Last night Kim and I went down to a training drill with the fire department to photograph it. I’m not sure I’ve ever mentioned this but I am on the fire department. My roles are twofold: photographer and CPR instructor.

Anyways, it was a drill on charging hose lines (filling them with water) to make sure there are no leaks, the pumps on the trucks work, and to give the firefighters opportunity to practice their skills so they don’t forget how when the time is ripe.

Birds nest in burned area April 23, 2008

There’s a burned out area in the small field where the drill was. The FD often uses this field for training purposes so you could see they did a small burn there at one time. Kim was standing off to the side when all of a sudden she heard some god-awful screaching, screaming, and squaking. She looked down and saw a killdeer

Killdeer sitting on her eggs and telling us to fuck off April 23, 2008

Seems Kim got a little too close to Ms. Killdeer’s three eggs and protested up a storm. We back off as soon as I took the picture to leave her in peace. I then told the firefighters about the nest and threatened bodily harm to them if they disturbed Ms. Killdeer.

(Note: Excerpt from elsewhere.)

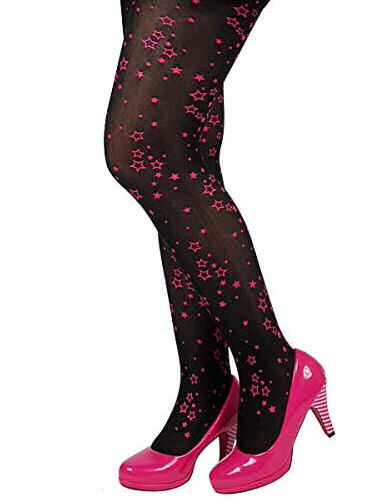 - NA ピンク の 星柄 スター 柄 タイツ ( ブラック × ピンク ) ハロウィン コスプレ 服飾小物 609 黒 ダンス パンスト スットキング

The 411: Their breeding habitat is open fields or lawns, often quite far from water, across most of Canada, the United States, and Mexico, with isolated populations in Costa Rica and Peru. Killdeer nest on open ground, often on gravel. They may use a slight depression in the gravel to hold the eggs, but they don’t line it at all, or line it only with a few stones. Since there is no structure to stand out from its surroundings, a killdeer nest blends marvelously into the background. Furthermore, the speckled eggs themselves look like stones.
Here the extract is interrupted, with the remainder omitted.